No. 30 – UCLA Bruins
- Position: Forward
- League: Big Ten Conference

Personal information
- Born: October 22, 2003 (age 22) Brighton, England
- Nationality: British / American
- Listed height: 6 ft 3 in (1.91 m)

Career information
- High school: Fremont (Plain City, Utah, U.S.)
- College: Oregon State (2022–2024); UCLA (2024–present);

Career highlights
- NCAA champion (2026); All-Pac-12 – Coaches (2024); Pac-12 Sixth Player of the Year (2024); McDonald's All-American (2022);

= Timea Gardiner =

British-American basketball player

Timea Gardiner (born October 22, 2003) is a British-American college basketball player for the UCLA Bruins of the Big Ten Conference. She previously played for the Oregon State Beavers.

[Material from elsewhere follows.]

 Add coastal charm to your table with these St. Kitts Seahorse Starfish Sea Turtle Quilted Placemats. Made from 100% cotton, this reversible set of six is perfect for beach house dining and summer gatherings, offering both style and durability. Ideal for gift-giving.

==Early life and high school career==
Gardiner was born in England, where her father was playing professional basketball. She played basketball for Fremont High School in Plain City, Utah. As a senior, Gardiner was selected to play in the McDonald's All-American Game. Rated a five-star recruit and the number 6 player in the 2022 class by ESPN, she committed to play college basketball for Oregon State over offers from Stanford and UCLA. She became the highest-ranked recruit to ever sign with the program.

==College career==
Before her freshman season at Oregon State, Gardiner crashed her scooter while riding around campus, leading to a minor injury and a CT scan that revealed blood clots in her lungs. After being sidelined for the first half of the season, she averaged 8.7 points and 3.5 rebounds per game, earning Pac-12 All-Freshman honorable mention. As a sophomore, Gardiner averaged 11.6 points and 7 rebounds per game, helping her team reach the Elite Eight of the 2024 NCAA tournament. She was named Pac-12 Sixth Player of the Year and was selected to the coaches' all-conference team. For her junior season, Gardiner transferred to UCLA.

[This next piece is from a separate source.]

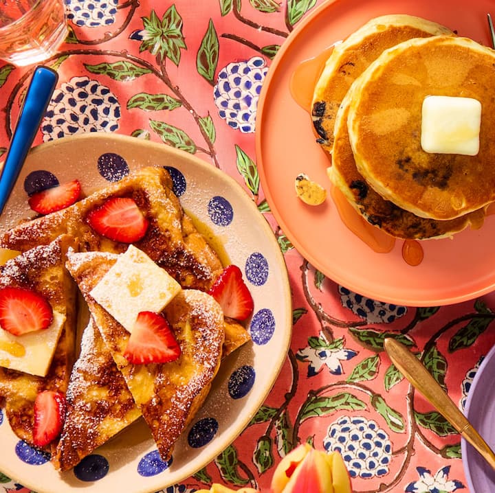 4 maaltijden. Geniet van een duo van zoete klassiekers, met Blueberry Ricotta Pancakes (luchtige ricottapannenkoeken met zure bosbessen en tijmahornsiroop van chef-kok John DeLucie) en Brioche French Toast (custardy briocheplakjes met bessencompote en opgeklopte mascarpone van chef-kok Cedric Nicolas). Inclusief 2 van elke maaltijd.

In the 2024–25 season, Gardiner largely came off the bench but was a key perimeter shooter for the Bruins as they went on to win the Big Ten Tournament. She scored 15 points in the Elite Eight against LSU and helped lead UCLA to their first-ever Final Four. In the Final Four, they would go on to lose to the eventual national champion UConn Huskies 85–51.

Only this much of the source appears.